I understand how to foil and everything, (A+B)(C+D) = AC+AD+BC+BD...
but I just received a question that doesn't work with this method.
(t+1)(t[sqared] - t +1)
There are three coefficients in the second set and I do not know what to do.

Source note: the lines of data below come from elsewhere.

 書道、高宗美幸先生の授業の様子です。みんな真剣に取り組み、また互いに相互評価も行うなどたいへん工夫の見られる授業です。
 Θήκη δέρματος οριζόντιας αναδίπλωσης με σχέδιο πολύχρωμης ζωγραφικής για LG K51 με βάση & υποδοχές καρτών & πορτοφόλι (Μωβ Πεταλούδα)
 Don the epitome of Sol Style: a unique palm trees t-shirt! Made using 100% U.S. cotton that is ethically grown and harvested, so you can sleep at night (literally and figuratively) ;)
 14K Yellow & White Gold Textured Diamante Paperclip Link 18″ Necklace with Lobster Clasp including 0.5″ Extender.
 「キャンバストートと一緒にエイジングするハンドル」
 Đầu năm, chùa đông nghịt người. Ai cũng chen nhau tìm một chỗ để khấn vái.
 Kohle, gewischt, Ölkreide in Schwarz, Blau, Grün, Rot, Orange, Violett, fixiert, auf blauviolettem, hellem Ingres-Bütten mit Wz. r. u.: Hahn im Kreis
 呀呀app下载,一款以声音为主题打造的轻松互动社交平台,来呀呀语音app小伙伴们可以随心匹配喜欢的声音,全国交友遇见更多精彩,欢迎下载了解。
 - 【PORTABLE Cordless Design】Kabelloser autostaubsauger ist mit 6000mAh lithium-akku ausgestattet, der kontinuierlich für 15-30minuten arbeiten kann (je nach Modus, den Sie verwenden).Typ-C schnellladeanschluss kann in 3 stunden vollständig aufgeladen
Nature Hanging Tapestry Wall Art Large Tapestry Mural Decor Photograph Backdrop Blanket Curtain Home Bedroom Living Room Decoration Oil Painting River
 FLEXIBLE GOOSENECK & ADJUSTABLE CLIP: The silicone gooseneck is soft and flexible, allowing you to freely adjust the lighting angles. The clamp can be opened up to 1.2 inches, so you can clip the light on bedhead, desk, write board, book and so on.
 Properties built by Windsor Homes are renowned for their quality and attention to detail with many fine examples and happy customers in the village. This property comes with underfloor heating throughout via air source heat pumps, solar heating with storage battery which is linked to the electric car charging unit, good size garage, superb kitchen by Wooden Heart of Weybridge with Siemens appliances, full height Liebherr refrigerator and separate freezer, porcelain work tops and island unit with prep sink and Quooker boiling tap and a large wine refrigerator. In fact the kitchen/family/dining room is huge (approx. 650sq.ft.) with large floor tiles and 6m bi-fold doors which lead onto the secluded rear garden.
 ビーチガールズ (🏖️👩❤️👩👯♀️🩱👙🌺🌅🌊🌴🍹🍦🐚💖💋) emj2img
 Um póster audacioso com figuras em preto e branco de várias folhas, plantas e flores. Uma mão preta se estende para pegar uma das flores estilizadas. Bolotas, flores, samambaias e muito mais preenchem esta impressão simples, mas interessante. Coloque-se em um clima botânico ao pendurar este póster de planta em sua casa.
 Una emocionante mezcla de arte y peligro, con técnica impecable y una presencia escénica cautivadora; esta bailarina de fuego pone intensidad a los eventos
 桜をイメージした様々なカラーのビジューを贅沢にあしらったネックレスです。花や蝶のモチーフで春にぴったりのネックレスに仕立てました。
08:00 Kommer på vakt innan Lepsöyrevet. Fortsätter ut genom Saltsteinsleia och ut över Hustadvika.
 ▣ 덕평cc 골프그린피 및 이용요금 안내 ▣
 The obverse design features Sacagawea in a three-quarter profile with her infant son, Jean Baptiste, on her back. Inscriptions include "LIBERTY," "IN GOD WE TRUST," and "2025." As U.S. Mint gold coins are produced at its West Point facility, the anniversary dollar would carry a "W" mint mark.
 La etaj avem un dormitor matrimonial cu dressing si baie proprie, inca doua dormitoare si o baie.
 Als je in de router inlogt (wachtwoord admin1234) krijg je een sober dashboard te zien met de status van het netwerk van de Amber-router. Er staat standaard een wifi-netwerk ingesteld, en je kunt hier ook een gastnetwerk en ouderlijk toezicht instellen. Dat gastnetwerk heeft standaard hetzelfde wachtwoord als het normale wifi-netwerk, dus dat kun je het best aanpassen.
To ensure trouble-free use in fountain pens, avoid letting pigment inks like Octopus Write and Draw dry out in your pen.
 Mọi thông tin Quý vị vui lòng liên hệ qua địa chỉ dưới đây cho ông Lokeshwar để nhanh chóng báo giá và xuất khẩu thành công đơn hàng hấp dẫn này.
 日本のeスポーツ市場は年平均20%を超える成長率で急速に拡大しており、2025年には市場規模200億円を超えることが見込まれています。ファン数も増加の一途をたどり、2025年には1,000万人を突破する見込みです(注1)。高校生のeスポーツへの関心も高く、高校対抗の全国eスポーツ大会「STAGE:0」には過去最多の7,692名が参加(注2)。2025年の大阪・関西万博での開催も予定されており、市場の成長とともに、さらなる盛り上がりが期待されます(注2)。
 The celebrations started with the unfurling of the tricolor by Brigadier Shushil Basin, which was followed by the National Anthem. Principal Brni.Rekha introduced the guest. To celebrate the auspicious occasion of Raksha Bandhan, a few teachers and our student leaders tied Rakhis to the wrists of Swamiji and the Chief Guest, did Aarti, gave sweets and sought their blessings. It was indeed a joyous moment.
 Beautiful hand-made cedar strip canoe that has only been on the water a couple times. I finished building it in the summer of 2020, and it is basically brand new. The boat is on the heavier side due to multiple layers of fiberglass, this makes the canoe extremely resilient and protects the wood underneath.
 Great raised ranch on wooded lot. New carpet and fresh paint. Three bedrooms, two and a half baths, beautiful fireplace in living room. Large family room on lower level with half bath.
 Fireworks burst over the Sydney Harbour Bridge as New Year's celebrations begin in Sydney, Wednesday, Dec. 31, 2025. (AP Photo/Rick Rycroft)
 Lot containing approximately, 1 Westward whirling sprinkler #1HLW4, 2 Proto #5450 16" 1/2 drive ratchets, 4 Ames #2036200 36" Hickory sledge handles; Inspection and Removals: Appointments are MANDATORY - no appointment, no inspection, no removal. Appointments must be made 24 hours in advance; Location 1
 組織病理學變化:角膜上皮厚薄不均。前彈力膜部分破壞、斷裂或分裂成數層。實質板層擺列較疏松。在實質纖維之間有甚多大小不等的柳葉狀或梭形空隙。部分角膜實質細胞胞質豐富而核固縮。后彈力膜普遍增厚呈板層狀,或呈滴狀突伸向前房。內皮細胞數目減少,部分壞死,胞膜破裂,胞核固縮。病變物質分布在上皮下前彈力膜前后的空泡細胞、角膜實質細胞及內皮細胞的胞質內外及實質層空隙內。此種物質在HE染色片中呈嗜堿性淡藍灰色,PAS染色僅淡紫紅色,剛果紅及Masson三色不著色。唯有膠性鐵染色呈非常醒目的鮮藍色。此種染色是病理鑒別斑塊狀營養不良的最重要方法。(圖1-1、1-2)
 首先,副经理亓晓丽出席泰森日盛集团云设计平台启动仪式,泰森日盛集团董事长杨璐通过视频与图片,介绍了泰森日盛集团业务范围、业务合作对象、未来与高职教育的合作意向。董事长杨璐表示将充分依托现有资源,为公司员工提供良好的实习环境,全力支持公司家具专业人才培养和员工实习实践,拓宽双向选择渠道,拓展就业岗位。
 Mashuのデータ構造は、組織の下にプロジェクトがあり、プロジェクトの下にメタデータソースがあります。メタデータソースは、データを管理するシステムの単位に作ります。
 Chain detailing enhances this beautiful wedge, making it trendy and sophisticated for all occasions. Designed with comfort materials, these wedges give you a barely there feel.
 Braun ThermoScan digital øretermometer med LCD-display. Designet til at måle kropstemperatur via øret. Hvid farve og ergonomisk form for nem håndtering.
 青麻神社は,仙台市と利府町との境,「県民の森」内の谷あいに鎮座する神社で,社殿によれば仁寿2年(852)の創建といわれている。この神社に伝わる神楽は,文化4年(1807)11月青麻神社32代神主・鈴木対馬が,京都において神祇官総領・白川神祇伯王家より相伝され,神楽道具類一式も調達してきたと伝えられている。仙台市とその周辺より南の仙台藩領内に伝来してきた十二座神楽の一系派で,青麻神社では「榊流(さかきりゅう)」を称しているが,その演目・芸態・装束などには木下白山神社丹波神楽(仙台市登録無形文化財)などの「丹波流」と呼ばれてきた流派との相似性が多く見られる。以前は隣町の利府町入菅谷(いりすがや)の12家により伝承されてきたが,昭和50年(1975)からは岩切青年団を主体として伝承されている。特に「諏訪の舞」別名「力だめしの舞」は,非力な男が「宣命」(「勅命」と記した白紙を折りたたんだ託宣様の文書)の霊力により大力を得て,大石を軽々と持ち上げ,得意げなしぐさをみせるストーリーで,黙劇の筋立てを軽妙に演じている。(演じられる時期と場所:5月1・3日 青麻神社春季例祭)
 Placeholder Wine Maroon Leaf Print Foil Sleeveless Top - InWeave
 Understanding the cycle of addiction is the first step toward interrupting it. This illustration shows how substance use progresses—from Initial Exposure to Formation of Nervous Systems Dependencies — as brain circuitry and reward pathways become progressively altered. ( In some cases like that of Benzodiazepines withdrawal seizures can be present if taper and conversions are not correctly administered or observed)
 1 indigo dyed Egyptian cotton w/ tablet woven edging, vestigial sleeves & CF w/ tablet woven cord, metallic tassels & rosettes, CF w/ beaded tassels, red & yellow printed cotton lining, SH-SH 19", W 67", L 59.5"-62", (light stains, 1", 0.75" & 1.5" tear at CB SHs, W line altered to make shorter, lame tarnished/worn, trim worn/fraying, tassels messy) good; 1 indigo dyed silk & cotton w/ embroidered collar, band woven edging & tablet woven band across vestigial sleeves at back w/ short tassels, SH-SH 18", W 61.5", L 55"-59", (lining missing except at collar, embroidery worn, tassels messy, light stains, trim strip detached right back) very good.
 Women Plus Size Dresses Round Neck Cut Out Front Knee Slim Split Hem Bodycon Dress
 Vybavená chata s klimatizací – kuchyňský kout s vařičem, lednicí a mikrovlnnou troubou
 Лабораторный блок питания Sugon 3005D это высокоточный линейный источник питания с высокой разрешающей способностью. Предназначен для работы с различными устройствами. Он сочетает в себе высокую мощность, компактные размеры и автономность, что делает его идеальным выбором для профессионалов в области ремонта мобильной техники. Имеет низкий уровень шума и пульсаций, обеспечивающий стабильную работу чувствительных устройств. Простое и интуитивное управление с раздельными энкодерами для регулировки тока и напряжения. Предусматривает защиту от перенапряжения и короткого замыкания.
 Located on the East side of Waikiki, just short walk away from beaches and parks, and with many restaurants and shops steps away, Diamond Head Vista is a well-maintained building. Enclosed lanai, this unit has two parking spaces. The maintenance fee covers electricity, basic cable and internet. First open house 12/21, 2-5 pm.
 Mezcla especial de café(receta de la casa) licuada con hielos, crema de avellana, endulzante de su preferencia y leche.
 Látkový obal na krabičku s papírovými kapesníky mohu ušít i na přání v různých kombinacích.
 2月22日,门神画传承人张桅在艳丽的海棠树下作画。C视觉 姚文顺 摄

2007-11-26 08:35:35 · 10 answers · asked by Barron 2 in Science & Mathematics ➔ Mathematics
(t+1)(t^2-t+1)
Like you had, (A+B)(C+D) = AC + AD + BC + BD
Add one variable
(A+B)(C+D+E) = AC + AD + AE + BC +BD +BE
so:
(t+1)(t^2-t+1) = t^3 - t^2 + t + t^2 - t +1
= t^3 + 1
2007-11-26 08:39:28 · answer #1 · answered by paintballroks13 2 · 0⤊ 0⤋
(t+1)(t^2 - t + 1) = t^3 - t^2 + t + t^2 - t +1= t^3 + 1
^ means " to the power of" for example t^2 means t squared or t to the power of 2.
Take the first term "t" and multiply it by every term in the second expression, then take the second term "1" and multiply it by every term in the second expression also. Simplify and you get the answer. Good luck.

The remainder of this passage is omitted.